Project paths are encoded by replacing `/` with `-`:

| Original | Normalized |
|----------|-----------|
| `/path/to/project` | `-path-to-project` |
| `/another/workspace/app` | `-another-workspace-app` |

## sessions-index.json Schema

```json
{
  "version": 1,
  "entries": [
    {
      "sessionId": "20089b2a-e3dd-48b8-809c-0647128bf3b8",
      "fullPath": "~/.claude/projects/-path-to-project/20089b2a-....jsonl",
      "fileMtime": 1741327503477,
      "firstPrompt": "fix the login bug",
      "summary": "Fixed authentication redirect...",
      "messageCount": 42,
      "created": "2026-03-07T03:25:03.477Z",
      "modified": "2026-03-07T12:21:43.806Z",
      "gitBranch": "main",
      "projectPath": "/path/to/project",
      "isSidechain": false
    }
  ],
  "originalPath": "/path/to/project"
}
```

Key fields for session identification:
- `sessionId` — UUID v4 format
- `firstPrompt` — first user message (best for topic matching)
- `summary` — auto-generated summary of the session
- `modified` — last activity timestamp (ISO 8601)
- `gitBranch` — git branch at session time
- `isSidechain` — `false` for main conversations

## Compaction in Session Files

Claude Code uses [server-side compaction](https://platform.claude.com/docs/en/build-with-claude/compaction).

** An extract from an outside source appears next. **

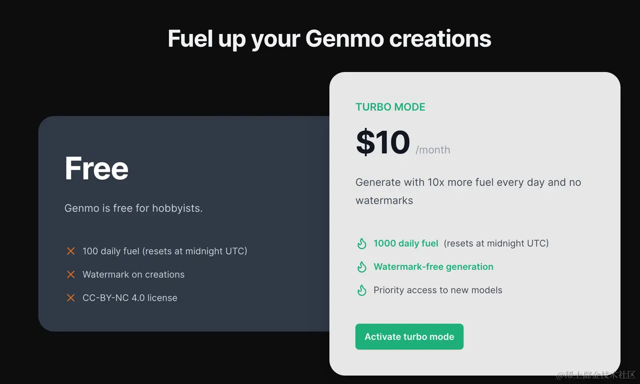 再来说说 Genmo,Genmo 也是一款支持「文生视频」和「图生视频」的 AI 工具,而且目前也是可以免费使用的。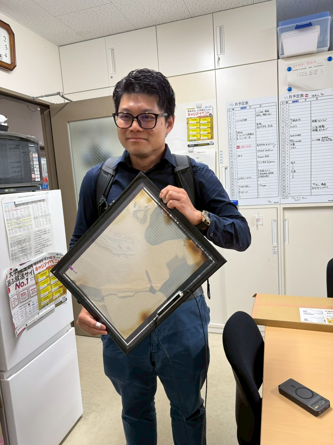 ในวันที่ 15 ตุลาคม 2568 ทางคณะฯ ได้เยี่ยมชมห้องวิจัย Wakamiya Lab ณ Institute for Chemical Research วิทยาเขต Uji แห่งมหาวิทยาลัยเกียวโต ซึ่งมุ่งเน้นการวิจัยด้านอิเล็กทรอนิกส์อินทรีย์ ตั้งแต่การออกแบบและสังเคราะห์โมเลกุล การศึกษาสมบัติไปจนถึงการสร้างอุปกรณ์และโมดูล โดยเน้นการทำความเข้าใจการจัดเรียงตัวของโมเลกุลในสถานะของแข็งและผลต่อสมบัติการนำไฟฟ้าและประสิทธิภาพของอุปกรณ์เซลล์แสงอาทิตย์ชนิดเพอรอฟสไกต์ โดย Prof. Atsushi Wakamiya, Deputy Executive Vice-President for Planning, Coordination, and Research Promotion Deputy Provost และ Co-Founder Chief Advisor (Science & Technology) EneCoat Technologies, Co. Ltd. ให้การต้อนรับ พร้อมด้วยนักศึกษาไทยที่ทำวิจัยร่วมกับทางมหาลัย

When context fills up, two consecutive lines appear:

### Line 1: compact_boundary marker

```json
{
  "type": "system",
  "subtype": "compact_boundary",
  "parentUuid": null,
  "logicalParentUuid": "prev-uuid",
  "compactMetadata": {
    "trigger": "input_tokens",
    "preTokens": 180000
  }
}
```

### Line 2: Compact summary (special user message)

```json
{
  "type": "user",
  "isCompactSummary": true,
  "isVisibleInTranscriptOnly": true,
  "message": {
    "role": "user",
    "content": "This session is being continued from a previous conversation that ran out of context. The summary below covers the earlier portion of the conversation.\n\nAnalysis:\n1. **Initial Request**: User asked to...\n2. **Progress**: Completed X, Y, Z...\n3. **Current state**: Working on..."
  }
}
```

Key properties:
- **`isCompactSummary: true`** — most reliable way to identify compact summaries
- **`isVisibleInTranscriptOnly: true`** — not sent to the API, only stored in the transcript
- Summary is always a plain string in `.message.content` (not an array)
- Typically 12K-31K characters (high-density information)
- A long session may have multiple compact boundaries (4+ is common for 10MB+ sessions)
- The **last** compact boundary's summary reflects the most recent state
- Messages after the last boundary are the "hot zone" — they were in Claude's live context

### Default compaction prompt (from API docs)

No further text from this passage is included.